| name | launch-hf-job |
| description | Submit a training/inference script to Hugging Face Jobs (`hf jobs run`). Triggered when the user wants to run training in the cloud, scale beyond local hardware, or kick off a multi-hour fine-tune. Enforces pre-flight: hub_model_id required, ≥2h timeout for training, single-job validation before batch. |
launch-hf-job — Hugging Face Jobs submission
Wrapper: scripts/launch_hf_job.py. Refuses to launch unless the pre-flight
discipline is satisfied.
Required, every time
--hub-model-id you/repo — job storage is ephemeral. Without push_to_hub the
trained model is permanently lost.
--timeout ≥2h for training. Default 4h; scale to model size.
- Reference script must already have been smoke-tested locally (or in a tiny
GPU sandbox) on the smallest sane subset.
Hardware sizing
| Params | Flavor | Min timeout |
|---|
| 1–3B | a10g-largex2 | 2h |
| 7–13B | a100-large | 6h |
| 30B+ | l40sx4 or a100x4 | 12h |
| 70B+ | a100x8 | 24h |
a10g-small and a10g-large have the same 24 GB GPU — only CPU/RAM differ.

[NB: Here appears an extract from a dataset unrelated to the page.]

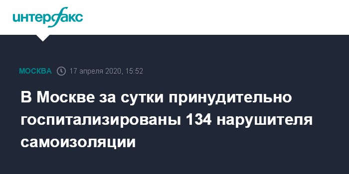 Москва. 17 апреля. INTERFAX.RU - В столице за прошедшие сутки 134 нарушителей самоизоляции были принудительно госпитализированы. Об этом сообщили в пресс-службе Главного контрольного управления Москвы.

Pick large for the extra system RAM.
Batch / ablation jobs
Submit ONE job first. Read the logs (hf jobs logs <id>) until you see the
loss come down for at least 10 logging steps. THEN submit the rest.

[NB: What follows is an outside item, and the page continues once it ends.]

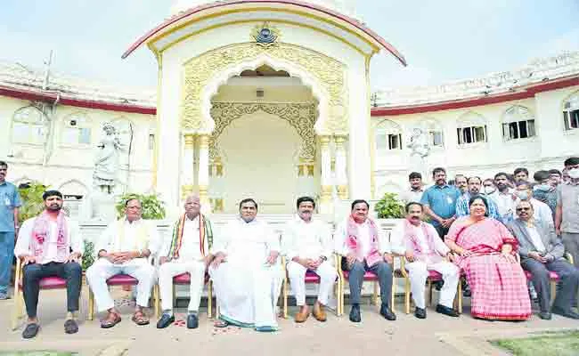 సాక్షి, హైదరాబాద్: శాసన సభ్యుల కోటాలో నవంబర్ 22న శాసన మండలికి ఏకగ్రీవంగా ఎన్నికైన ఐదుగురు సభ్యులు గురువారం ప్రమాణ స్వీకారం చేశారు. శాసనమండలి చైర్మన్ చాంబర్లో జరిగిన ఈ కార్యక్రమంలో కడియం శ్రీహరి, గుత్తా సుఖేందర్రెడ్డి, తక్కల్లపల్లి రవీందర్రావు, పాడి కౌశిక్రెడ్డి, పరుపాటి వెంకట్రామిరెడ్డితో ప్రొటెమ్ చైర్మన్ వెన్న వెరం భూపాల్రెడ్డి ప్రమాణ స్వీకారం చేయించారు. శాసనసభ వ్యవహారాల శాఖ మంత్రి వేముల ప్రశాంత్రెడ్డితో పాటు మంత్రులు మహమూద్ అలీ, సత్యవతి రాథోడ్, జగదీశ్రెడ్డి హాజరై నూతన సభ్యులను అభినందించారు.

Never submit a sweep all at once — one bug kills every run identically.
Common failure modes
| Symptom | Fix |
|---|
| Job killed at 30 minutes | You forgot --timeout. |
| Trained model gone | push_to_hub=False or hub_model_id missing. |
flash-attn ImportError | Add it to --extra-dep flash-attn. |
KeyError: 'chosen' | Audit dataset; you sent SFT data to DPO. |
| Gated dataset prompt | HF_TOKEN lacks scope; regenerate with read access. |
Example
python scripts/launch_hf_job.py \
--script scripts/train_sft.py \
--config configs/my-run.yaml \
--hardware a10g-largex2 \
--timeout 4h \
--hub-model-id my-user/smollm2-360m-capybara-sft
OOM recovery in HF Jobs
Same playbook as local OOM (see train-sft skill): halve micro-batch, double
grad-accum, gradient_checkpointing=True, bf16=True, adamw_8bit, then
upgrade flavor. Never silently switch SFT → LoRA or drop max_seq_length.